TRANSLATORS face a race against time to be ready after a High Wycombe firm pledged to print the Bible in all 6,900 languages.

Experts at Wycliffe Bible Translators have developed new technology which will allow them to create typefaces for some of the world's rarest languages.

It is a challenge which includes learning the language of former cannibals in Papua New Guinea.

Kent Anderson, Wycliffe's director, said the job would be a "unique achievement" because some of the languages have never appeared in text form before.

He said: "It's a unique achievement because in some languages, the thickness or shape of individual letters changes in relation to others they are placed beside. Our staff have had to overcome huge development problems. It was painstaking, but worth it."

Wycliffe plan to complete the mammoth task and print the Bible in every spoken language by 2025 some task when scholars estimate up to 2,700 languages are without a Bible translation.

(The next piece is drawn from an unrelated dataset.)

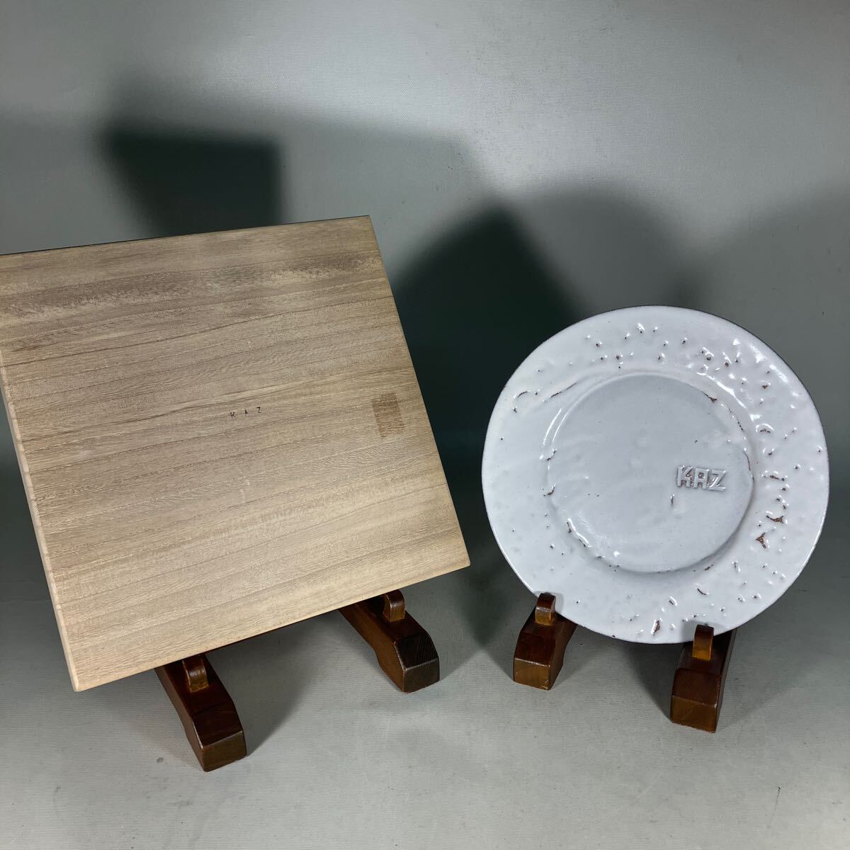 - 三輪和彦造(十三代三輪休雪)萩焼 皿 20.5cm 共箱 共布
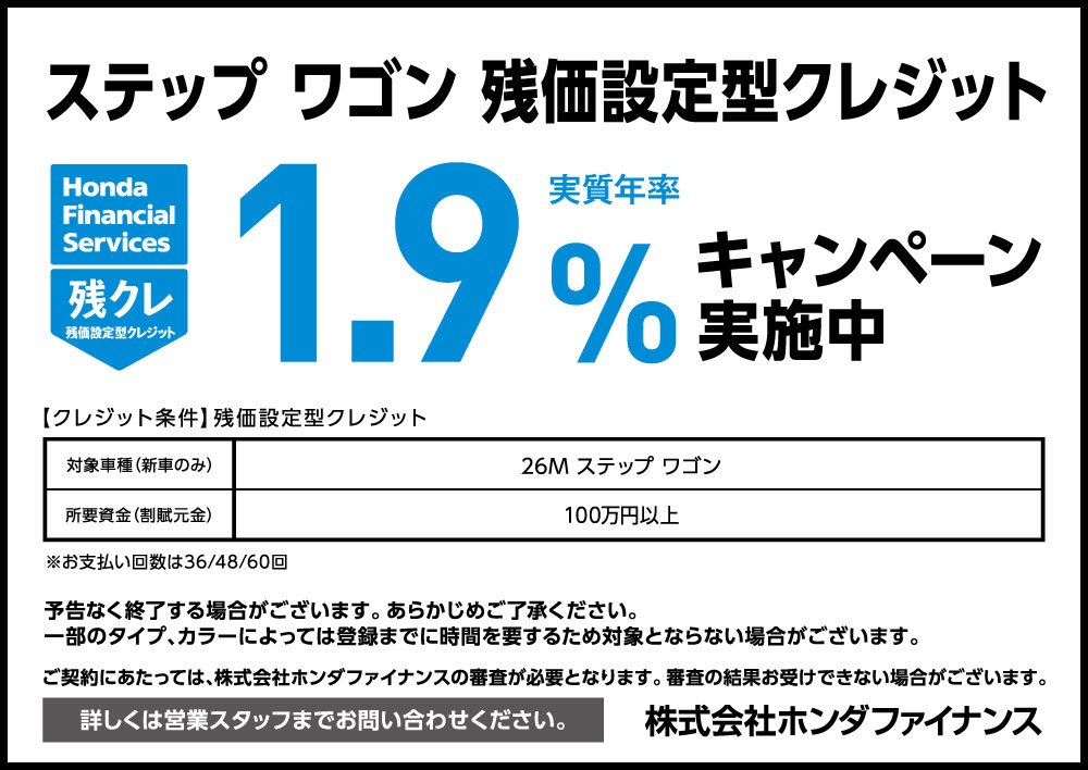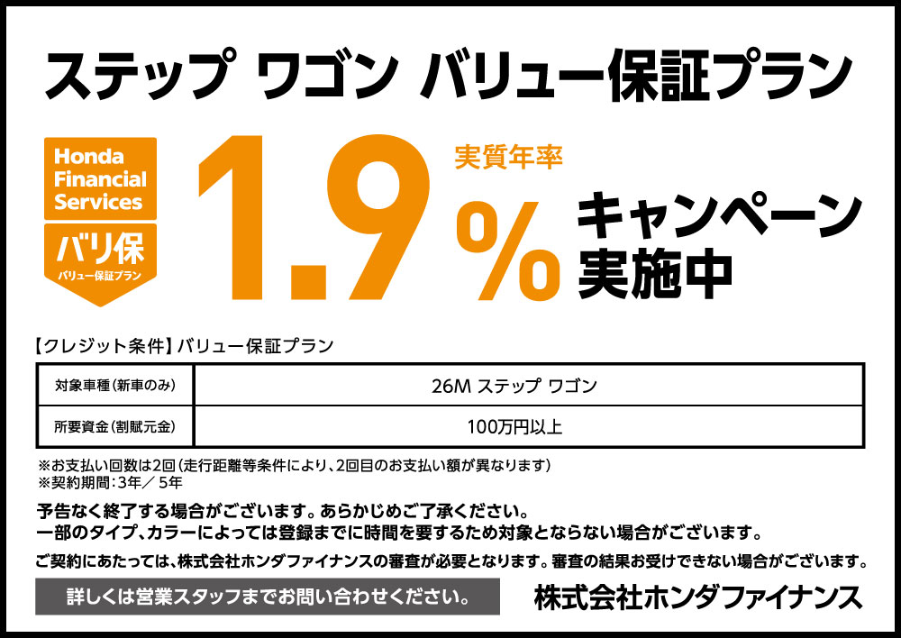 対象車種がSTEP WGN e:HEV AIRのキャンペーン

Mr Anderson added: "We tell people that God speaks to them in their language so it would seem natural for them to have a written record of God's word in their alphabet.

"At first, we estimated it would take us 150 years, but we now believe it is achievable in 20. When you consider it took more than 1,000 years for the first English Bible to be translated, we've reduced the margin quite a bit."

Wycliffe experts have designed new programmes to accommodate rare scripts, some of which have never been printed before.